Estratto: “La società ha allegato che i prezzi di vendita dei prodotti dovevano essere desunti dagli scontrini fiscali acquisiti in sede di verifica, e non dalle dichiarazioni rese dal contribuente in sede di accesso, che era errato il numero delle tazzine di caffè vendute, in quanto non si è tenuto conto dello sfrido né dell'autoconsumo, dovendosi considerare che i sette impiegati consumavano tre caffè al giorno, che non potevano essere applicate le percentuali di ricarico sui prezzi dei prodotti relativi al 2007, mentre l'anno in contestazione era il 2003, che non si poteva applicare la media aritmetica semplice per il computo delle percentuali di ricarico, in quanto i prodotti erano disomogenei (vino, tramezzini, caffè, liquori ed altro), che si doveva tenere conto del periodo di chiusura forzata per quindici giorni dal 14 al 28 settembre 2003. Il giudice di appello non ha in alcun modo considerato queste specifiche deduzioni”.
Estratto: “La pronuncia della CTR non è logicamente consequenziale nel considerare insufficiente un ricarico dell'87% rispetto ad un preteso ricarico medio del 250/350%, laddove lo studio di settore (a pag. 6 del ricorso) evidenzia un "range" di ricarico normale 74->224% e il rilievo non è contestato in controricorso: sicché appare congruo un ricarico che, seppure poco sopra il minimo, rientra nell'ampio spettro dello studio di settore, ove la percentuale massima è il triplo della minima, tanto da non poter costituire, ex se solo, indizio sufficiente per sostenere la ripresa a tassazione”.
Estratto: “il giudice di merito ha rideterminato complessivamente il reddito del contribuente, valutando autonomamente le risultanze probatorie offerte dalle parti e rimodulato il reddito dell'esercizio, deducendo poi di conseguenza il quantum di spettanza di ogni singolo socio, riscrivendo integralmente il quantum perceptum da ciascuno. Coerente quindi con il dato normativo e adeguatamente motivato l'operare del giudice di merito, esente da censure di legittimità”.
Estratto: “la CTR, peraltro, ha del tutto omesso di specificare i presupposti in fatto idonei ad individuare le specifiche ragioni della valutazione, sicché resta oscuro quali siano le incongruenze e le presunzioni che, in concreto, avrebbero dignità di legittimare la modalità induttiva di rettifica”.
Estratto: “Non è dunque, corretto, calcolare la percentuale di ricarico media in relazione alla media ponderata, facendo riferimento esclusivamente ai diversi valori di ricarico medio secondo la mera media aritmetica, in tal modo non considerando le diverse percentuali di ricarico, in relazione ai singoli prodotti disomogenei, in ragione anche della diversa quantità di vendita di ciascuno di essi”.

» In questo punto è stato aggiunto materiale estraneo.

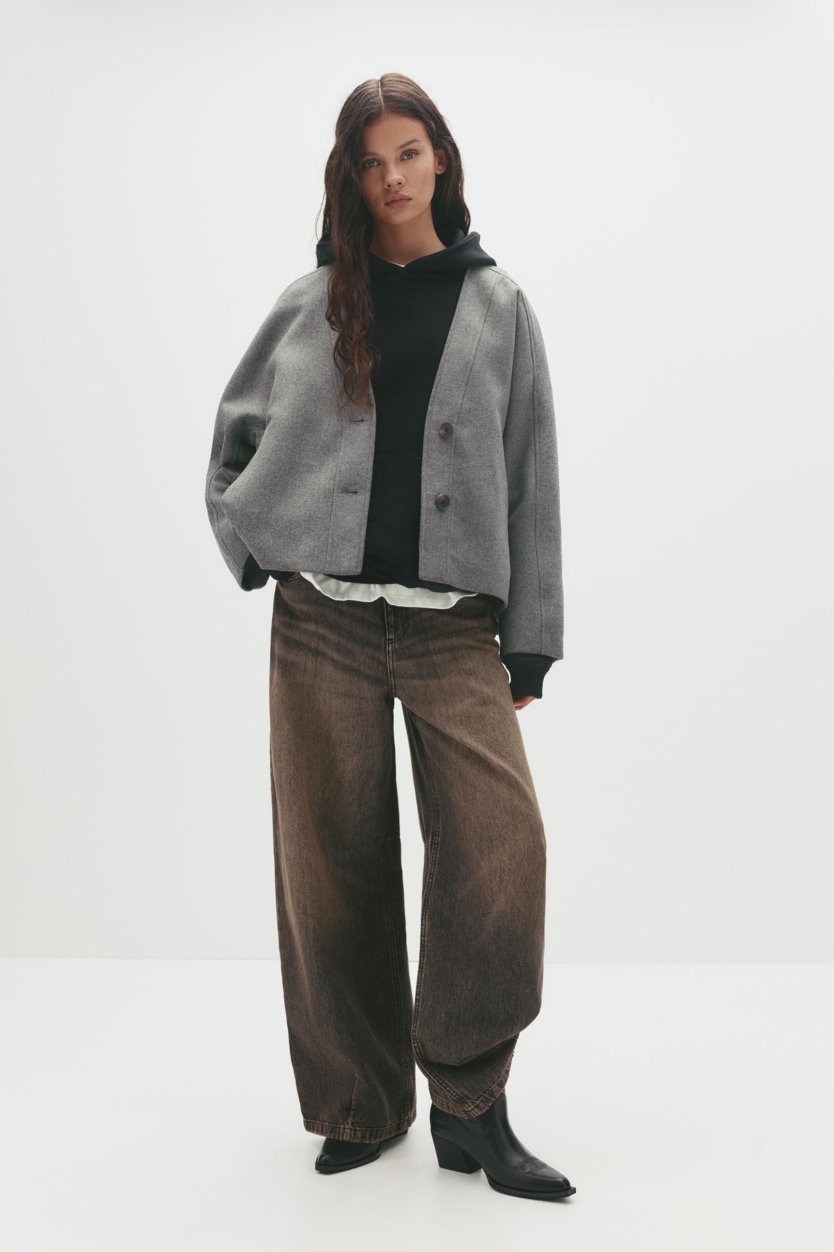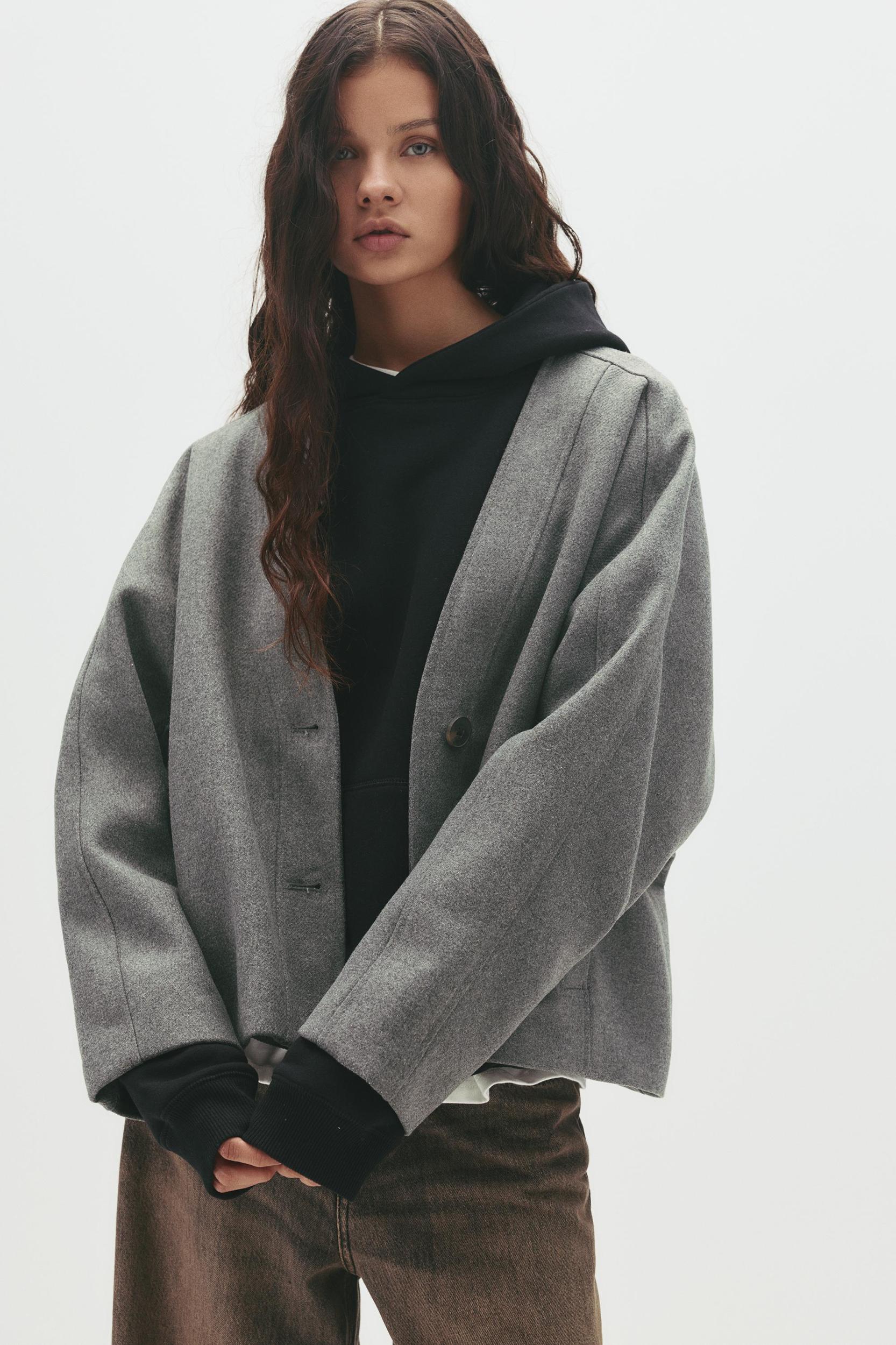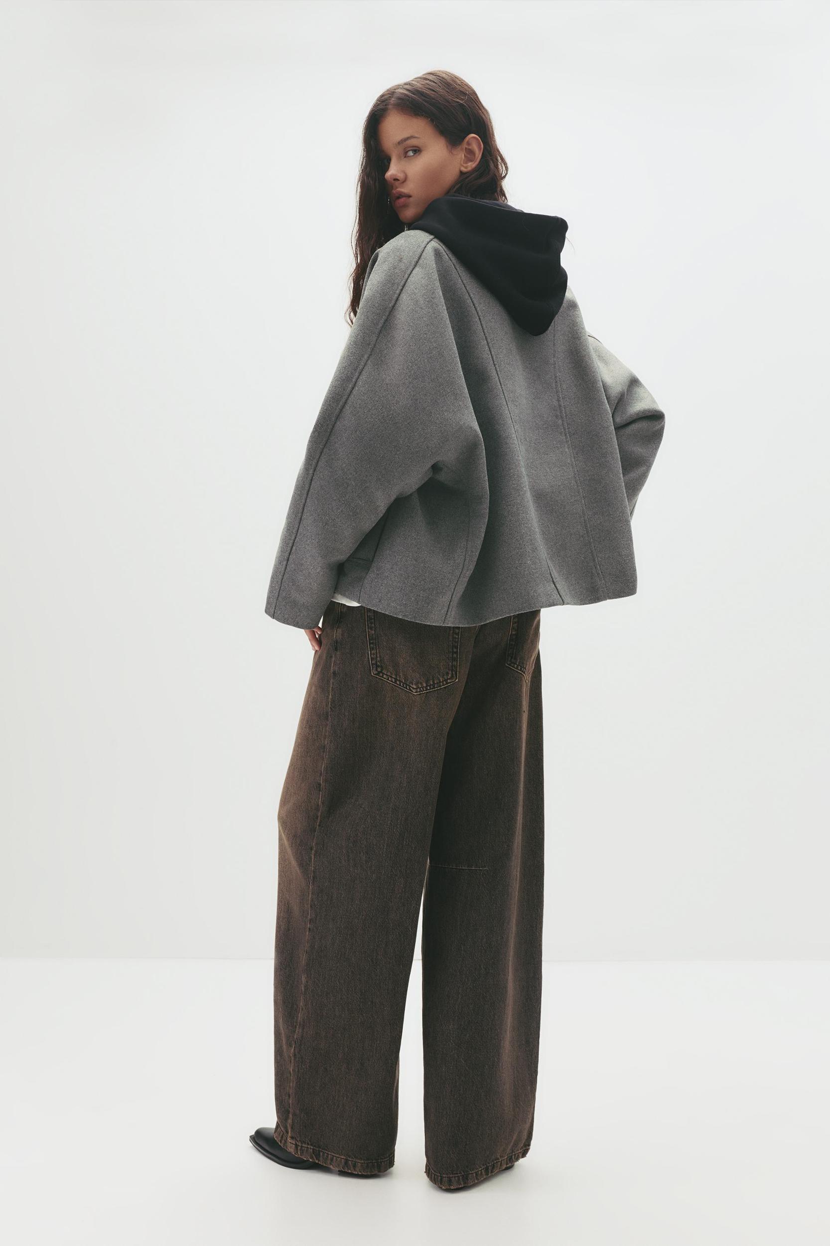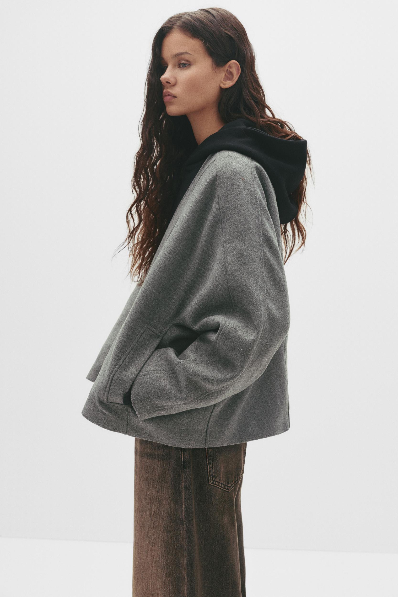 Short kimono-style coat in felt fabric, with voluminous long sleeves, side pockets, and made of a wool blend.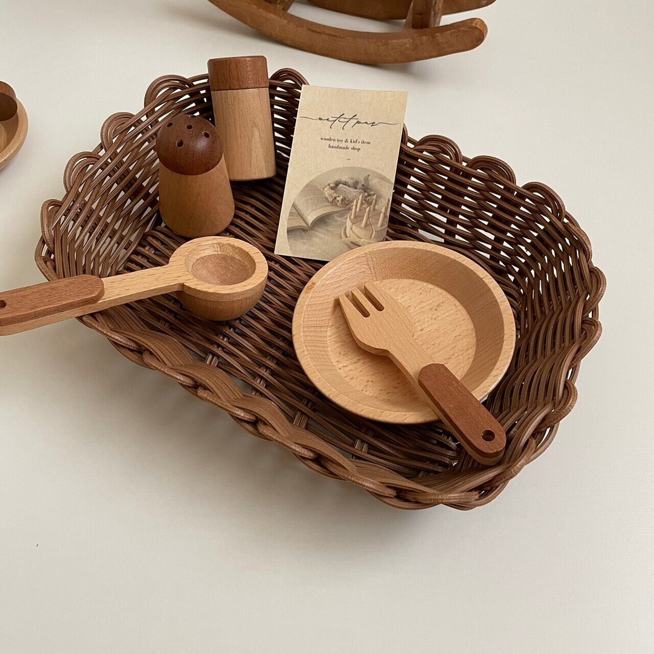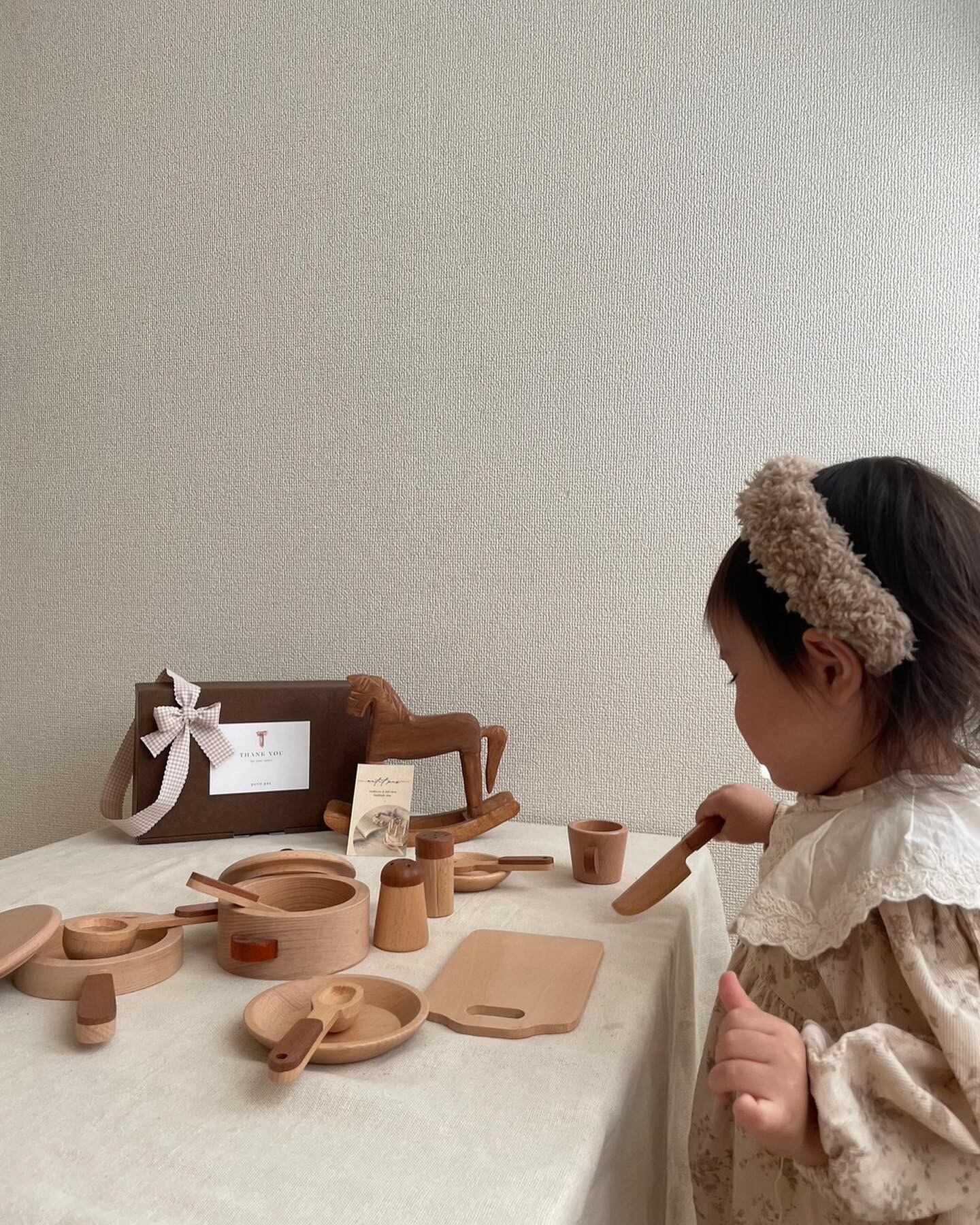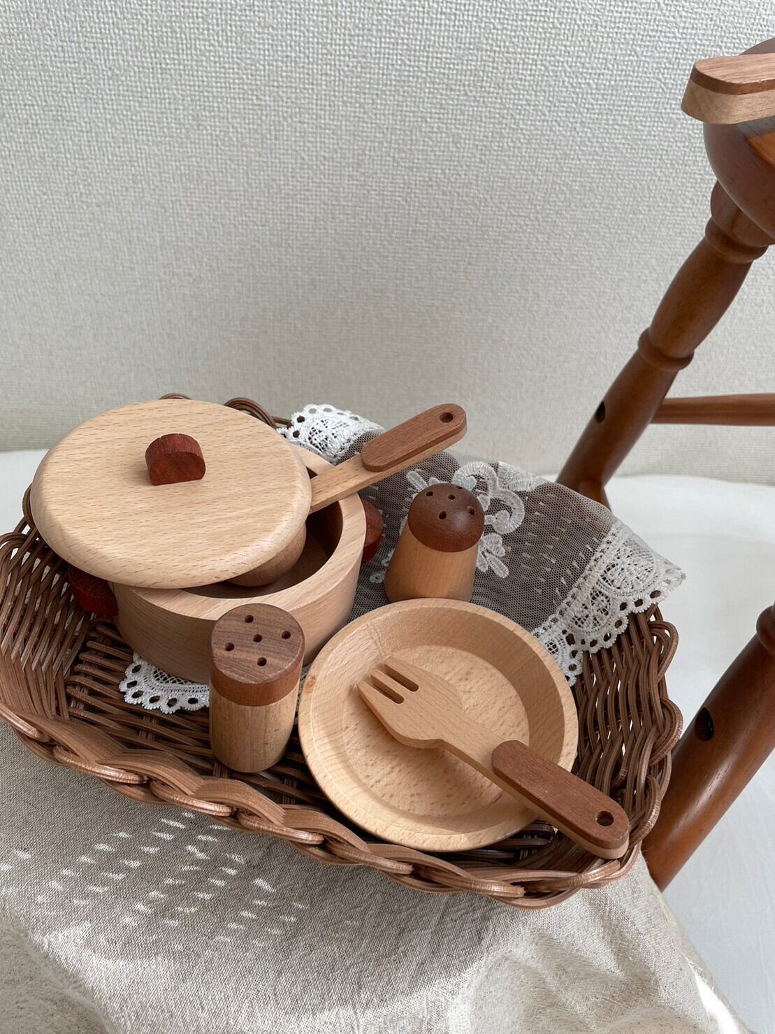 おままごとに欠かせないアイテムがセットになった木のおもちゃです。

La Commissione Tributaria Regionale di Milano, con la sentenza n. 477/2017, ha annullato un avviso di accertamento emesso nei confronti di un contribuente che svolgeva sia l’attività di elettricista che di gestione di un bar.
Sulla base di un accertamento induttivo, l’Agenzia delle Entrate aveva contestato che i ricavi dichiarati non fossero in linea con gli studi di settore.
Il contribuente lamentava l’illegittimità dell’accertamento poiché egli si era adeguato allo studio di settore, per tale motivo, all’Ufficio era preclusa la possibilità di eseguire un accertamento presuntivo, così come previsto dall’art. 10, comma 4bis, L. n. 146/1998.
I Giudici hanno condiviso le doglianze proposte nell’appello annullando totalmente l’avviso di accertamento notificato, ed il contribuente non sarà più tenuto al pagamento.
Massima: “È illegittimo l’avviso di accertamento quando il contribuente provi di essersi adeguato allo studio di settore e l’Agenzia non abbia contestato l’incoerenza. In tale situazione l’art. 10, comma 4bis, della l. 146/1998 preclude la possibilità di accertamento presuntivo atteso che i redditi dichiarati allineati agli studi di settore si presumono congrui per effetto di legge. Il valore di legge del citato art. 10 rende privo di efficacia il su indicato decreto ministeriale. Nel caso di lite, il contribuente svolgeva attività promiscua (gestione di bar e attività di elettricista) sicché l’ente accertatore si era uniformato alle previsioni del d.m. 11/02/2008 e alle istruzioni della circolare n. 31 del 2008 in considerazione della duplice attività svolta dal contribuente. Tuttavia la Commissione ha ritenuto inapplicabile il citato decreto ministeriale rispetto alla previsione della legge contenuta nel richiamato art. 10, poiché nello stabilire criteri nuovi con la pretesa di generale applicabilità nei casi come quello in esame, ha da una parte innovato rispetto alla disciplina legislativa introducendo casistiche non previste dalla legge con l'introduzione di scaglioni di reddito in percentuale (nella specie del 30% dell'ammontare totale dei ricavi dichiarati) al di sopra dei quali non opererebbe lo studio di settore, con ulteriore introduzione della regola (art. 2 del citato decreto) non applicabile ai soggetti che svolgano due o più attività”.
Nel caso deciso dalla CTR della Lombardia un esercente si era visto notificare un avviso di accertamento all’interno del quale si procedeva a rideterminare il margine di ricarico del bar. Il contribuente tuttavia è riuscito a dimostrare che i criteri utilizzati dall’Ufficio non rispondevano a canoni di coerenza logica e congruità. I Giudici con la sentenza in discussone hanno quindi totalmente annullato l’avviso di accertamento. L’esercente non sarà tenuto al pagamento di alcuna somma.
Massima: “L'Amministrazione finanziaria può, attraverso la determinazione delle percentuali di ricarico, ricostruire gli effettivi margini di guadagno applicati dai contribuenti sulle merci vendute, ma la scelta del criterio di determinazione della percentuale di ricarico deve rispondere a canoni di coerenza logica e congruità, essendo consentito il ricorso al criterio della media aritmetica semplice, in luogo della media ponderata, soltanto quando risulti l'omogeneità della merce e non quando fra i vari tipi di merce esista una notevole differenza di valore e quelle più vendute presentino una percentuale di ricarico molto inferiore a quella risultante dal ricarico medio.”